Nine years ago there was a terrorist attack on the World Trade Centre. 

It was a hit at those whose interests the international media defend tenaciously when push comes to shove. And so for weeks that’s what we all heard. Two words. Nine. Eleven. There was sympathy for the victims. For the USA? I think not. There’s a reason. 

A reason that has many names. I shall mention just one. Remember this name. Memorize the spelling. 

Whisper it to all US citizens and diplomats you might meet, now or later. 

Binyam Mohamed. Binyam Mohamed. Binyam Mohamed. Binyam Mohamed. Binyam Mohamed. Binyam Mohamed. Binyam Mohamed.
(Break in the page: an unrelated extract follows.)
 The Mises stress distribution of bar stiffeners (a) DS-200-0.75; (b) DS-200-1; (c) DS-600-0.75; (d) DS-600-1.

It could be your name tomorrow, you know.

*This was first published on September 14, 2010 in 'The Daily News', to which newspaper I wrote a daily column called 'The Morning Inspection'.

2 comments:

sbarrkum said...

Thank you for reminding me of this.
Some links and quotes. Sometimes references are useful.
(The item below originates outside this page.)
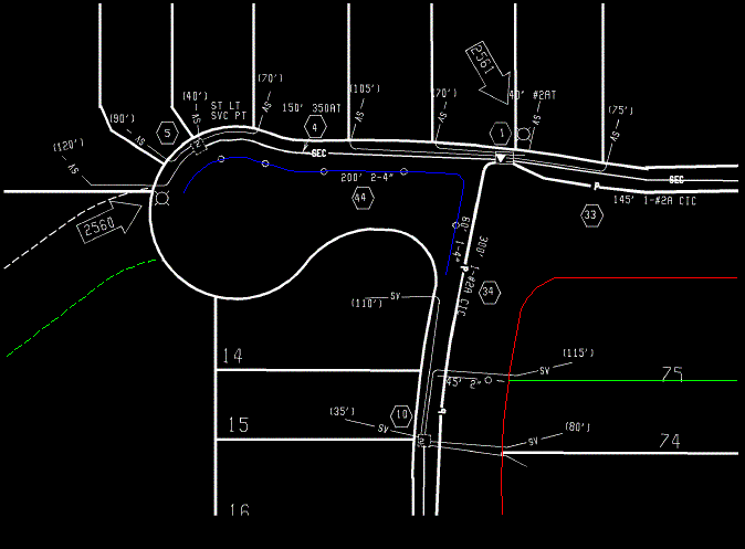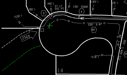 - Klicken Sie auf das linke Ende der Versorgungsleitung im Wendehammer, um die Linie in eine Polylinie zu konvertieren.

The American Civil Liberties Union filed the case on behalf of five former prisoners who say they were tortured in captivity
To this date, not a single victim of the Bush administration’s torture program has had his day in court.
If this decision stands, the United States will have closed its courts to torture victims while providing complete immunity to their torturers.

documents contained far greater detail of Anglo-American misconduct – details that presumably corroborated Binyam's claims of torture. Rather than hold a trial on these issues, the US shipped him back to Britain; rather than risk further embarrassing disclosures, the UK government settled Binyam's civil claim for damages.

Cobain and I once shared the comfortable notion that Britain stood above the nastiness of torture. Cobain's book demonstrates how naive we were.

http://www.nytimes.com/2010/09/09/us/09secrets.html
http://www.theguardian.com/world/2010/sep/09/us-court-binyam-mohamed-torture
http://www.theguardian.com/world/binyam-mohamed
http://www.theguardian.com/books/2012/nov/23/cruel-britannia-ian-cobain-review

Malinda Words said...

Thanks for the links. There's so much to learn, still.